TRY IT:
Each entry below should be echoed exactly, with pictures omitted.

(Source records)
━━━━━━━━━━━━━━━━━━━━

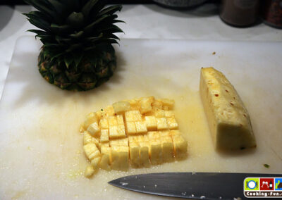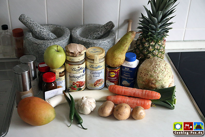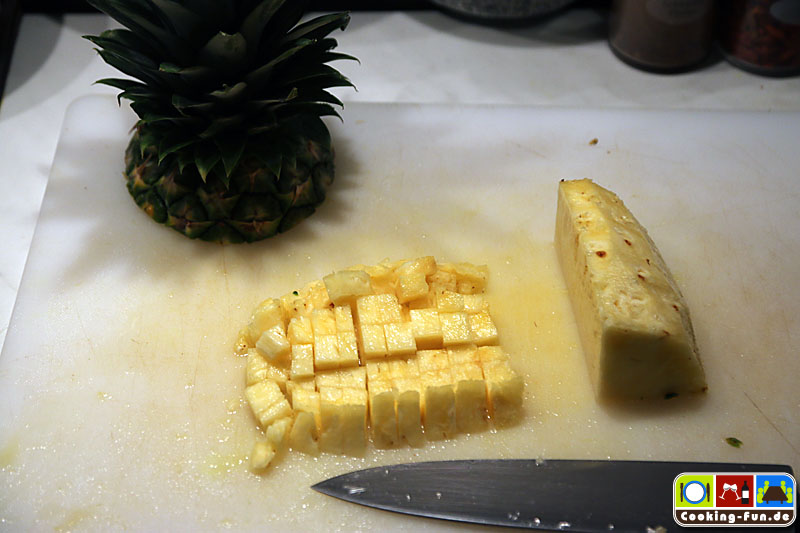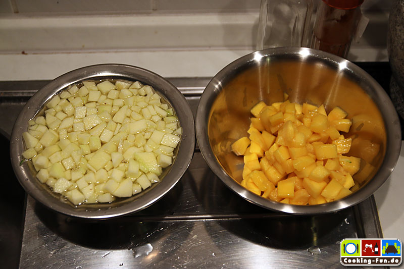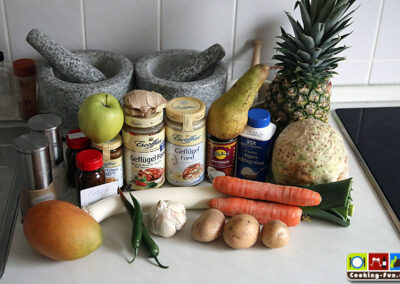 Bei der Einlage schließe ich mich den Rezepten mit Fruchteinlage an, denn einerseits gibt es später eine gute Portion Huhn und andererseits können eben die Früchte angeschnitten werden, die dann im Nachtisch (Fruits) aufgebraucht werden.
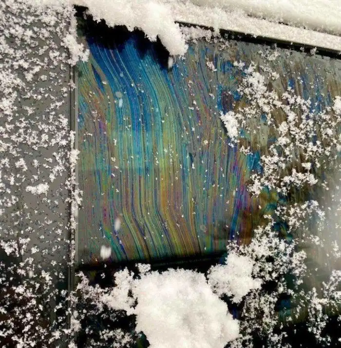 10. "Первый снег оставил радужные дорожки на окнах моей машины"
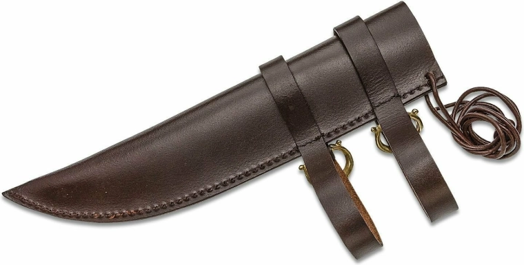 Rękojeść z twardego drewna jest prosto wyprofilowana i na końcu lekko wygięta dla pewniejszego i wygodniejszego chwytu. Skórzane etui z paskami umożliwia bezpieczne i dyskretne poziome noszenie na pasie, dzięki czemu nóż masz zawsze pod ręką.
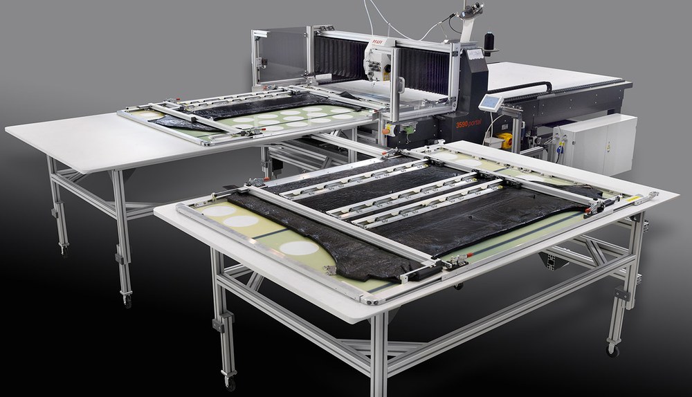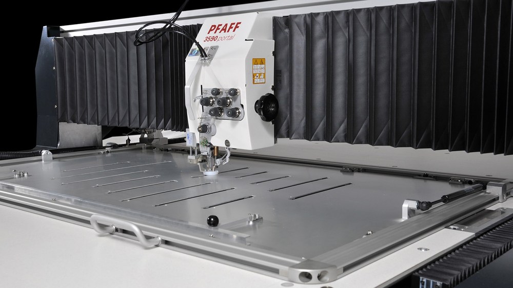 Freely programmable large-field computer stitchers of the new generation PFAFF 3590 portal are efficient sewing units "Made in Germany". Know how paired with experience and the latest technologies in engineering, drive and control technology, set the pattern when it comes to reliability and process security. The sophisticated sewing technology based on our marathon vertical hook and an unique seam optimizing system provide the highest seam quality and a perfect stitch quality in multidirectional sewing over the whole sewing area. All complex top-stitch and decorative stitching operations can be mastered with this new PFAFF 3590 portal.
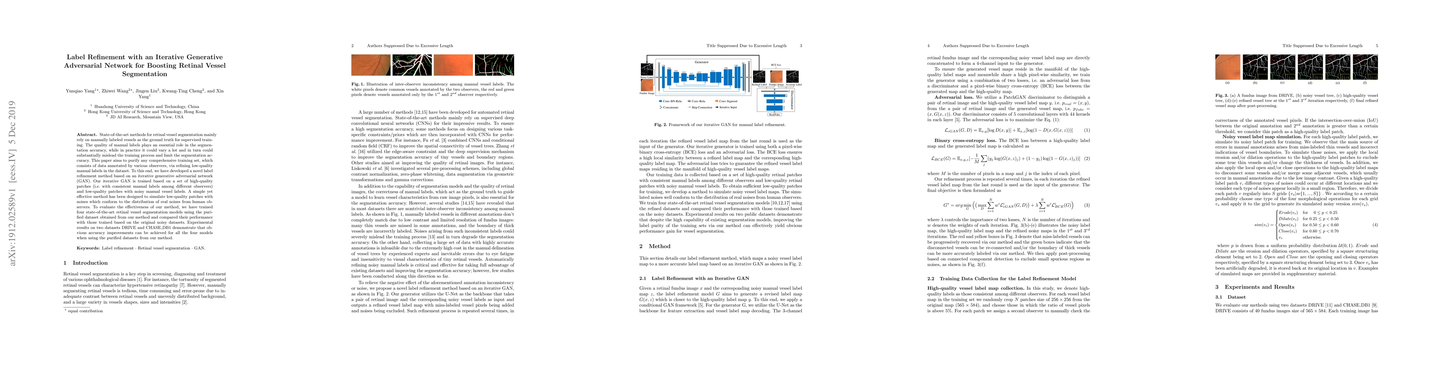 This paper proposes a label refinement method using an iterative generative adversarial network (GAN) to improve retinal vessel segmentation by purifying datasets with inconsistent manual labels. Experimental results on two datasets show significant accuracy improvements for state-of-the-art segmentation models trained on the refined datasets.
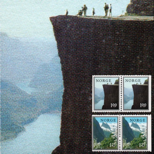 Na znaczkach widnieją: klif Preikestolen znajdujący się ponad fjordem Lyse oraz szczyt Gulleplet widziany z miejscowości Balestrand.
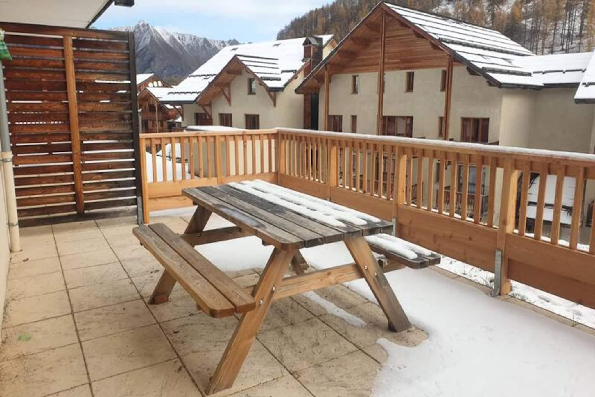 I hjärtat av Hautes-Alpes, där den orörda bergsluften väcker sinnena, ligger denna charmiga lägenhet på bottenvåningen, perfekt utformad för en lugn alpin flykt. Omgiven av hisnande naturskönhet och inbäddad i en högklassig bostad, erbjuder denna fastighet en harmonisk blandning av modern komfort och autentisk bergscharm. Oavsett om du söker äventyr i backarna eller en lugn tillflyktsort, är denna lägenhet din port till oförglömliga minnen. \n\nStig in för att upptäcka ett omsorgsfullt arrangerat utrymme som bekvämt rymmer upp till sex gäster. Vardagsrummet, med sina två utdragbara enkelsängar, inbjuder till avkoppling efter en dag av utforskande, medan det öppna köket, fullt utrustat med diskmaskin och mikrovågsugn, säkerställer enkel matlagning. En mysig sovalkov med våningssängar och ett lugnt sovrum med en queen size-säng lovar vilsamma nätter. Badrummet, separat toalett och en stor terrass i sydostläge kompletterar planlösningen och erbjuder både praktiska egenskaper och en touch av lyx. Gästerna har också fri tillgång till bostadens vattenområde, inklusive en uppvärmd inomhuspool och jacuzzi, perfekt för avkoppling efter en aktiv dag. \n\nLägenhetens utmärkta läge placerar dig mitt i hjärtat av alpina aktiviteter. Ett skidförvaring garanterar bekvämlighet för vintersportsentusiaster, medan de omgivande lederna lockar vandrare och naturälskare under de varmare månaderna. I närheten hittar du charmiga byar, lokala marknader och de fantastiska landskapen i Écrins nationalpark, som inbjuder dig att fördjupa dig i regionens rika kultur och naturliga underverk. \n\nOavsett om du är här för att vandra genom puderiga backar, sola dig i sommarsolen eller bara njuta av bergens lugn, erbjuder denna lägenhet den perfekta basen för ditt alpina äventyr. Låt magin i Hautes-Alpes fängsla dig och skapa minnen för livet.
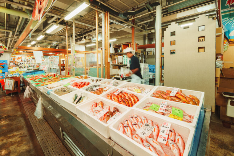 レストランやオリジナル商品も揃う鮮魚市場、温浴施設、プール、ホテルがひとつになった複合施設で、2000年の海の日にオープンしました。
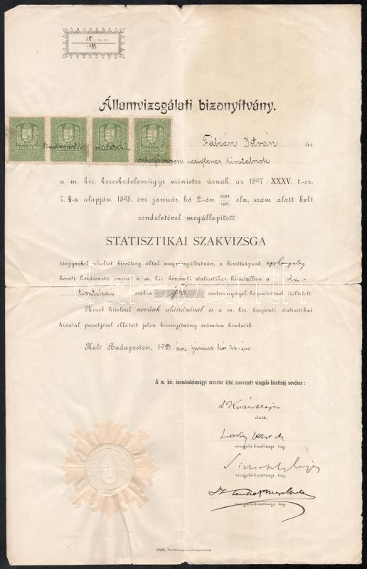 Leírás: 1923 Statisztikai szakvizsga bizonyítvány
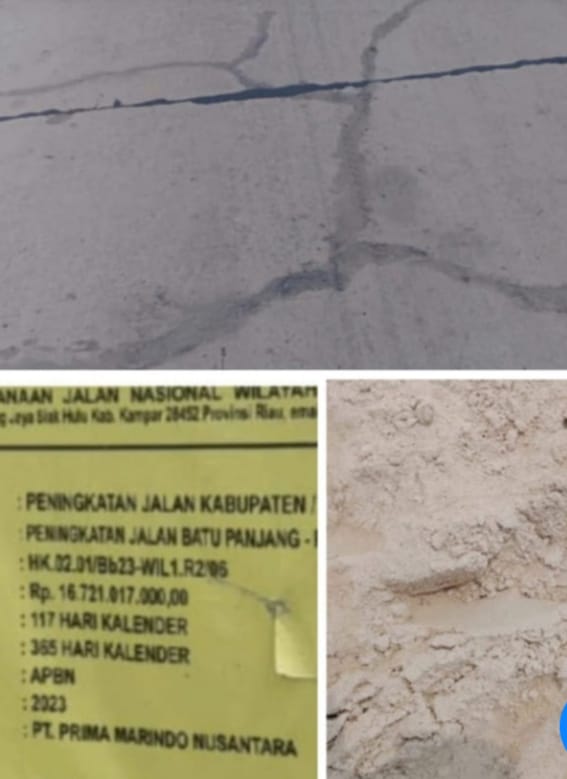Proyek jalan tersebut menelan Anggaran Milyaran Rupiah,sayangnya baru selesai dikerjakan sudah terlihat retak-retak pada permukaan beton rigit,adapun perusahaan yang mengerjakan proyek tersebut adalah

━━━━━━━━━━━━━━━━━━━━

RESPONSE AREA:
 Bei der Einlage schließe ich mich den Rezepten mit Fruchteinlage an, denn einerseits gibt es später eine gute Portion Huhn und andererseits können eben die Früchte angeschnitten werden, die dann im Nachtisch (Fruits) aufgebraucht werden.
 10. "Первый снег оставил радужные дорожки на окнах моей машины"
 Rękojeść z twardego drewna jest prosto wyprofilowana i na końcu lekko wygięta dla pewniejszego i wygodniejszego chwytu. Skórzane etui z paskami umożliwia bezpieczne i dyskretne poziome noszenie na pasie, dzięki czemu nóż masz zawsze pod ręką.
 Freely programmable large-field computer stitchers of the new generation PFAFF 3590 portal are efficient sewing units "Made in Germany". Know how paired with experience and the latest technologies in engineering, drive and control technology, set the pattern when it comes to reliability and process security. The sophisticated sewing technology based on our marathon vertical hook and an unique seam optimizing system provide the highest seam quality and a perfect stitch quality in multidirectional sewing over the whole sewing area. All complex top-stitch and decorative stitching operations can be mastered with this new PFAFF 3590 portal.
 This paper proposes a label refinement method using an iterative generative adversarial network (GAN) to improve retinal vessel segmentation by purifying datasets with inconsistent manual labels. Experimental results on two datasets show significant accuracy improvements for state-of-the-art segmentation models trained on the refined datasets.
 Na znaczkach widnieją: klif Preikestolen znajdujący się ponad fjordem Lyse oraz szczyt Gulleplet widziany z miejscowości Balestrand.
 I hjärtat av Hautes-Alpes, där den orörda bergsluften väcker sinnena, ligger denna charmiga lägenhet på bottenvåningen, perfekt utformad för en lugn alpin flykt. Omgiven av hisnande naturskönhet och inbäddad i en högklassig bostad, erbjuder denna fastighet en harmonisk blandning av modern komfort och autentisk bergscharm. Oavsett om du söker äventyr i backarna eller en lugn tillflyktsort, är denna lägenhet din port till oförglömliga minnen. \n\nStig in för att upptäcka ett omsorgsfullt arrangerat utrymme som bekvämt rymmer upp till sex gäster. Vardagsrummet, med sina två utdragbara enkelsängar, inbjuder till avkoppling efter en dag av utforskande, medan det öppna köket, fullt utrustat med diskmaskin och mikrovågsugn, säkerställer enkel matlagning. En mysig sovalkov med våningssängar och ett lugnt sovrum med en queen size-säng lovar vilsamma nätter. Badrummet, separat toalett och en stor terrass i sydostläge kompletterar planlösningen och erbjuder både praktiska egenskaper och en touch av lyx. Gästerna har också fri tillgång till bostadens vattenområde, inklusive en uppvärmd inomhuspool och jacuzzi, perfekt för avkoppling efter en aktiv dag. \n\nLägenhetens utmärkta läge placerar dig mitt i hjärtat av alpina aktiviteter. Ett skidförvaring garanterar bekvämlighet för vintersportsentusiaster, medan de omgivande lederna lockar vandrare och naturälskare under de varmare månaderna. I närheten hittar du charmiga byar, lokala marknader och de fantastiska landskapen i Écrins nationalpark, som inbjuder dig att fördjupa dig i regionens rika kultur och naturliga underverk. \n\nOavsett om du är här för att vandra genom puderiga backar, sola dig i sommarsolen eller bara njuta av bergens lugn, erbjuder denna lägenhet den perfekta basen för ditt alpina äventyr. Låt magin i Hautes-Alpes fängsla dig och skapa minnen för livet.
 レストランやオリジナル商品も揃う鮮魚市場、温浴施設、プール、ホテルがひとつになった複合施設で、2000年の海の日にオープンしました。
 Leírás: 1923 Statisztikai szakvizsga bizonyítvány
Proyek jalan tersebut menelan Anggaran Milyaran Rupiah,sayangnya baru selesai dikerjakan sudah terlihat retak-retak pada permukaan beton rigit,adapun perusahaan yang mengerjakan proyek tersebut adalah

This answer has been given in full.